Work required> Everything in the records below should be printed exactly, except the pictures.

***** Given entries *****

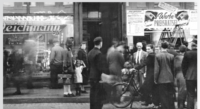
Branch at Borbecker Markt

Opening of the first large shoe shop at Borbecker Markt in Essen.
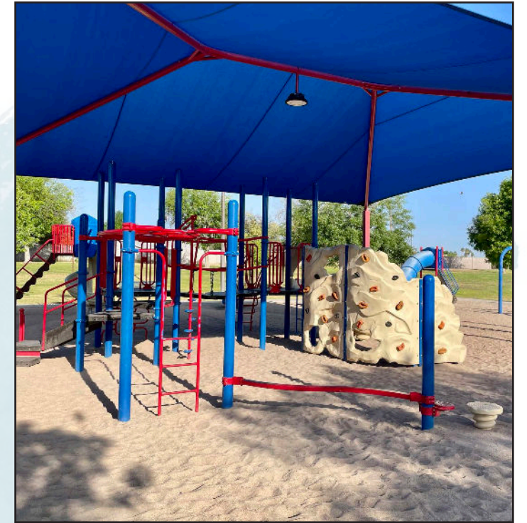
The neighborhood playground
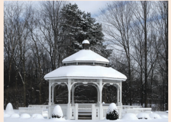
Winter at the Burgh Historical Site
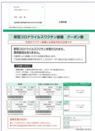
Your coupon looks like this!

Those who have received the coupon can make appointments (for both 1st and 2nd doses) on May 10 (Mon) and after by calling the Call Center (see below) or accessing the city's website ( http://www.city.iruma.saitama.jp/shisei/bousai/1010191/1012463/1012464.html ). You can choose (1) Individual Vaccination at one of designated medical facilities in the city or (2) Group Vaccination at one of special sites in late May and after. See the list of vaccination sites sent with the coupon.
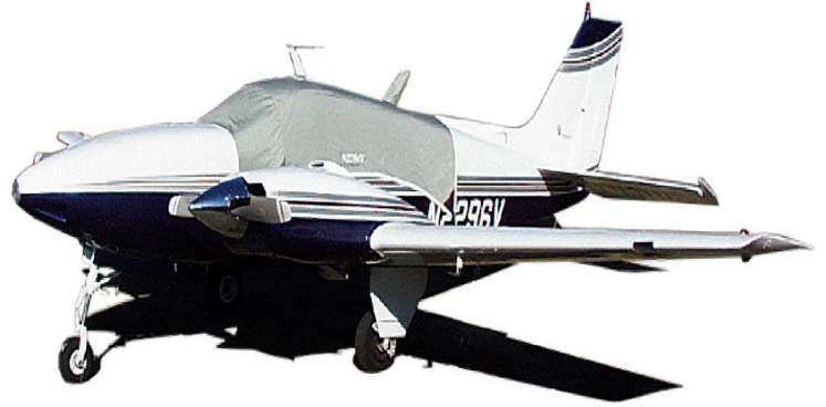
Beech Baron Canopy Cover
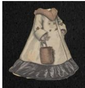
Toys and games: M. Lavinina Warren paper doll, winter coat with fur collar and muff (2003.009.062 G)
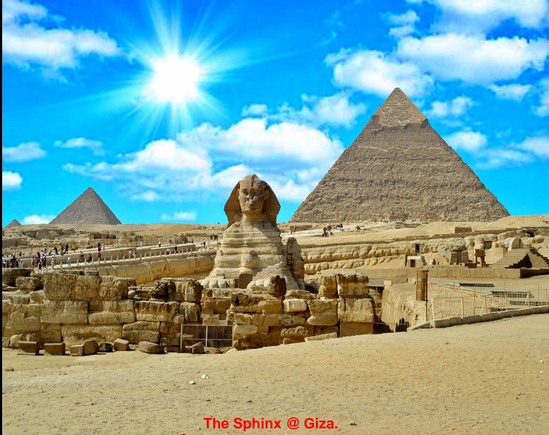
The Sphinx @ Giza.

*****

Solution to this task>
Branch at Borbecker Markt

Opening of the first large shoe shop at Borbecker Markt in Essen.
The neighborhood playground
Winter at the Burgh Historical Site
Your coupon looks like this!

Those who have received the coupon can make appointments (for both 1st and 2nd doses) on May 10 (Mon) and after by calling the Call Center (see below) or accessing the city's website ( http://www.city.iruma.saitama.jp/shisei/bousai/1010191/1012463/1012464.html ). You can choose (1) Individual Vaccination at one of designated medical facilities in the city or (2) Group Vaccination at one of special sites in late May and after. See the list of vaccination sites sent with the coupon.
Beech Baron Canopy Cover
Toys and games: M. Lavinina Warren paper doll, winter coat with fur collar and muff (2003.009.062 G)
The Sphinx @ Giza.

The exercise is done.